Annotate Your Independent Samples t-Test Output
Insert several sentences into your output file at this point interpreting your results from the independent samples t-test. When interpreting your output, remember to examine the results of Levene’s test first so you know whether to use the version of the t test that assumes equal variances or the one for unequal variances. Follow the same instructions as for your previous two annotations: the one for Levene’s test (can we assume equal variances or not and why) and the one for the independent samples t-test results (including the A, B, C, D, structuring of your reporting). So this annotation should include a complete and comprehensive analysis of your test results. One might assume that the older nurses are earning higher salaries because they have more years of experience. Is this assumption supported by the data?
Additional Practice (optional)
If you are interested, and would like more practice, go ahead and run some additional age group comparisons. For example, you could compare the 18-30 year-olds with the 46-65 year-olds by using the values 1 and 3 in your Define Groups dialog box. Or you could use the values 2 and 3 to compare the 31-45 year-olds with the 46-65 year-olds. Add some comments into your output file to describe the results of any additional analyses that you run; you can make those comments in any format you’d like to (this part of the lab is just for practice and will not count toward your lab score).

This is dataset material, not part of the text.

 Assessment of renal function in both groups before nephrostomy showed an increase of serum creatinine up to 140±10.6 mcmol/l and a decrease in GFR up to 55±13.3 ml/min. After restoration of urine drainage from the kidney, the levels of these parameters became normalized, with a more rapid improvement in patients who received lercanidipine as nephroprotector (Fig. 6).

In case you’re wondering, yes, it is possible to run all of the pairwise comparisons at once when there are multiple groups defined by a categorical variable such as agerange. But not with the independent sample t-test, which is limited to just two groups at a time. There’s a different SPSS command for running multiple comparisons, which we will learn about in a future lab, so stay tuned!
Insert Your Name
Insert your name and Lab #6 at the top of your statistical output as an identifier. See the previous Laboratories or ask a lab assistant if you need instructions.

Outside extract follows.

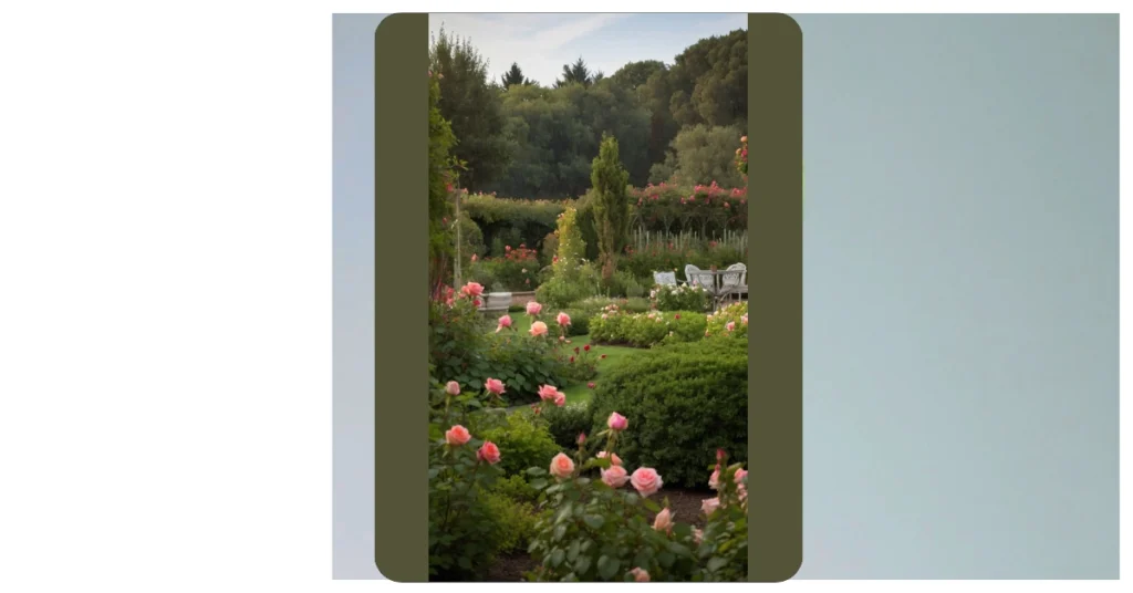 Now, imagine inviting your friends over for tea in a garden this pretty. Forget Instagram filters – this is real-life beauty! Designing a rose garden like this isn’t just about planting flowers; it’s about creating a whole vibe. The bushes, the trees in the background, even the furniture looks like it’s straight out of a fairy tale. Just be warned, your neighbors might start peeking over the fence, totally jealous of your blossoming masterpiece!

Clean Up Your Statistical Output
Take a few minutes now to examine and clean up the contents of your Statistics Viewer window. When you are done it should include only the following outputs along with your annotations:
- Frequency tables and bar charts for position, agerange, and yrsscale variables
- Histogram for hourwage variable
- Means command output for hourwage by position
- Independent samples t-test for hourwage by position
- Independent samples t-test for hourwage by agerange (comparing first two age categories)

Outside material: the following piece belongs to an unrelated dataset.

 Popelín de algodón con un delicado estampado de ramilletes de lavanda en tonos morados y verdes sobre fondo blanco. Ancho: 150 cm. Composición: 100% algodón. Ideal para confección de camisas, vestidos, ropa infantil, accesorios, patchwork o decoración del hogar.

- Optional additional independent samples t-test(s) comparing other age categories
Save Your Work and Exit SPSS
Save the contents of your Syntax Editor and Statistics Viewer windows to files on your own personal drive or workspace on the network. Give them meaningful names (e.g., Lab 6) so they can be identified with this week’s lab. Use the Print to PDF function or Export to PDF to save all visible output to a PDF version of your output file. Check that your saved PDF file contains all the required outputs and annotations, including your name and lab number at the top of the file. (No need to save your Data Editor contents since we did not make any changes to the data file.) Exit SPSS by selecting the Exit option from the File menu in the active SPSS window (File→Exit).
Submit Your Lab
Submit the PDF version of your completely annotated output file in the D2L Brightspace Assignments folder when you’re done. After uploading the file to Brightspace, open it from the assignments folder and check to make sure you have submitted the correct file.